Question

Looking at figure 4.2 here, we can see experimentaly that cyclohexane is more polarizable than benzene.

Why is this the case?

Intuitively, I would think that because the orbitals in benzene are more delocalized, the electrons in benzene could move farther in reaction to an applied electric field, thus creating a larger dipole and being more polarized than what is possible in the localized orbitals of cyclohexane.

The only counter argument I can think of is that the carbons in benzene are SP2, and thus more electronegative than the SP3 carbons in cyclohexane so that even though the electrons have more space to react to an applied field in benzene, they are held tighter to the nuclei and therefore form less of a dipole.

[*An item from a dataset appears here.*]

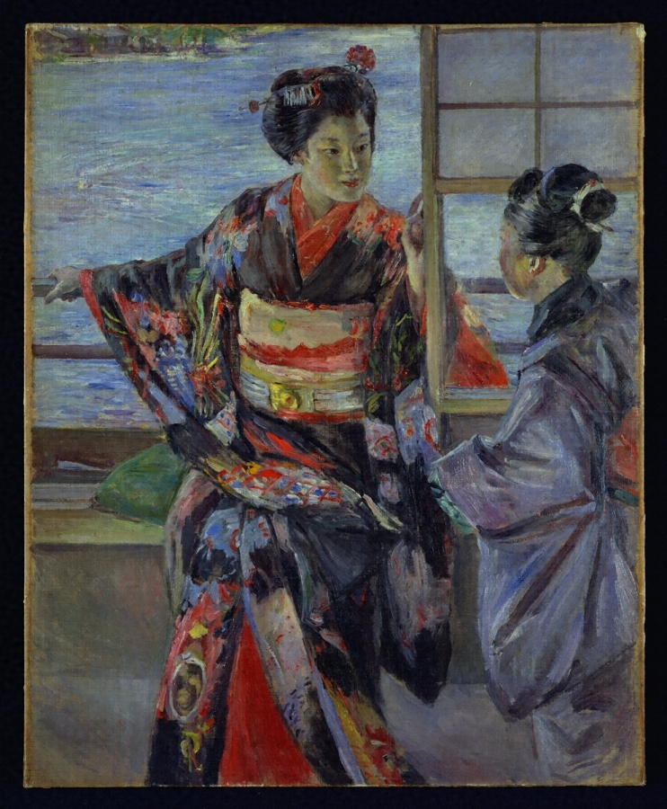 フランスより帰国した年、彼は初めて京都に遊んだが「舞妓」はそのすぐれた成果の一つである。エキゾティックな感覚の高まりで若々しい息づきとなって顕【あら】われているだけでなく、舞妓と小娘の呼応する構成や、鴨川の明るい流れを背景に人物を逆光の中でとらえた表現は新鮮な魅力をたたえているし、明るい明暗の諧調・鮮明な色彩の対比には彼の印象派的なすぐれた色彩感覚が発揮されている。「舞妓」はフランスで薫育された彼の才能がわが国の風土の中で最初に、しかももののみごとに結晶した作品といえよう。

However, something about this argument doesn’t seem convincing to me.

Answer 1

Cyclohexane is more polarizable than benzene due to its sp3 hybridized carbons being less electronegative and therefore holding their electrons more loosely, allowing for greater distortion in an electric field, unlike the stable delocalized electrons in sp2 hybridized benzene.

Step-by-step explanation:

The question of why cyclohexane is more polarizable than benzene, despite benzene's delocalized electrons, can be addressed by considering the nature of electron delocalization and the effect of hybridization on electronegativity. In benzene, the delocalized pi electrons are stabilized due to aromatic stabilization, making them less prone to distortion in an electric field.

Additionally, benzene's carbons are sp2 hybridized, which increases their electronegativity compared to the sp3 hybridized carbons of cyclohexane, leading to a tighter hold on the shared electrons. Understanding the electronegativity difference and electron distribution is key.

While benzene's electron-rich regions might suggest greater polarizability, the stability of these delocalized electrons reduces their response to external fields. Cyclohexane, although it lacks the delocalized nature of benzene, has sp3 carbon atoms that are less electronegative, allowing its electrons to be more easily distorted, rendering it more polarizable.